Why?  Here’s the typical story:

A parent comes to see me saying, “The school is really concerned about Johnnie’s behavior. The teachers and school psychologist are calling me every day about how aggressive and disruptive he is. They want me to speak to you about his medications. They feel that being on Ritalin is not enough and that he may need something like Risperdal. The school staff told me that this is a safe and effective treatment for ADHD and that other kids in his class are taking it.”

They said WHAT? No,  no, no!  Risperdal is NOT a treatment for ADHD. It is an antipsychotic medication FDA approved to treat Bipolar disorder, Schizophrenia, and irritability in children with Autism.

Risperdal is by no means a benign medication. It is in the category of major tranquilizers and carries with it the risk of weight gain, as well as elevated blood sugar and cholesterol.

I don’t   want to sound like I am placing blame on our parents, teachers and schools. Many of our schools are  inundated with too many students and have too few resources. I have the utmost respect and admiration for them, and I’m truly inspired by the work they do.

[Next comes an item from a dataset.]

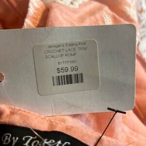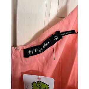 New with tags By Together size large romper. It is rayon with a crocheted lace trim. It is lined. Adjustable straps. Zips in the back. Light salmon color. Measures 18” from armpit to armpit. 15” across the waist. Total length is 33”. So beautiful!
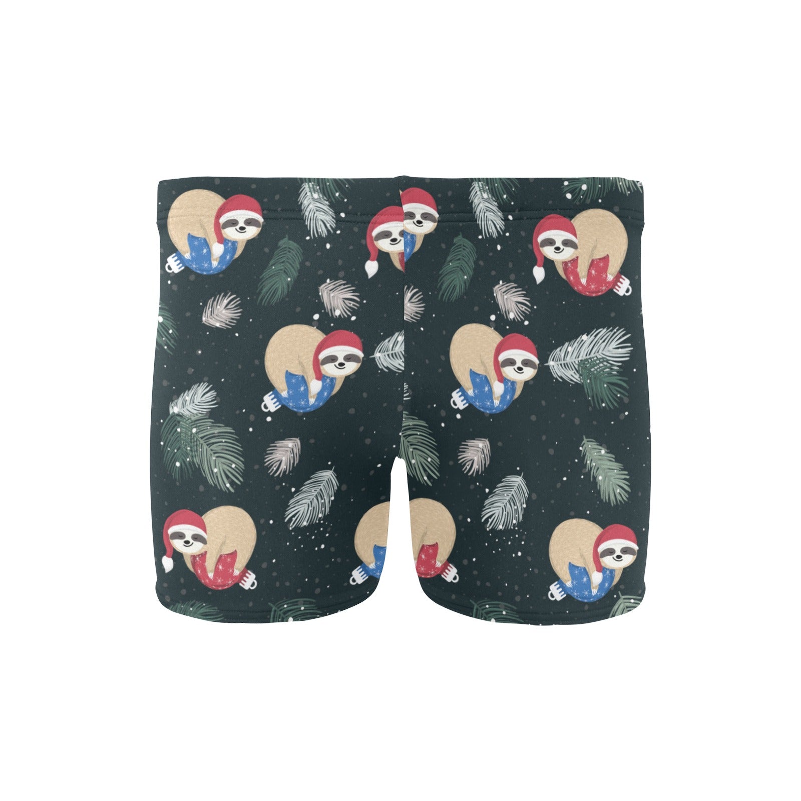 Cute sloths sleeping christmas ball santa hat patt Men's Swimming Trunks

But we need to educate our parents, teachers and schools about psychotropic medications,  their indications for use, and their side effects.  Many parents and  educators have unrealistic expectations about these medications and misunderstand their role in treatment.   Too many  in the mental health field are either quick to start or to  advocate for the use of these powerful medications before more beneficial alternatives are utilized.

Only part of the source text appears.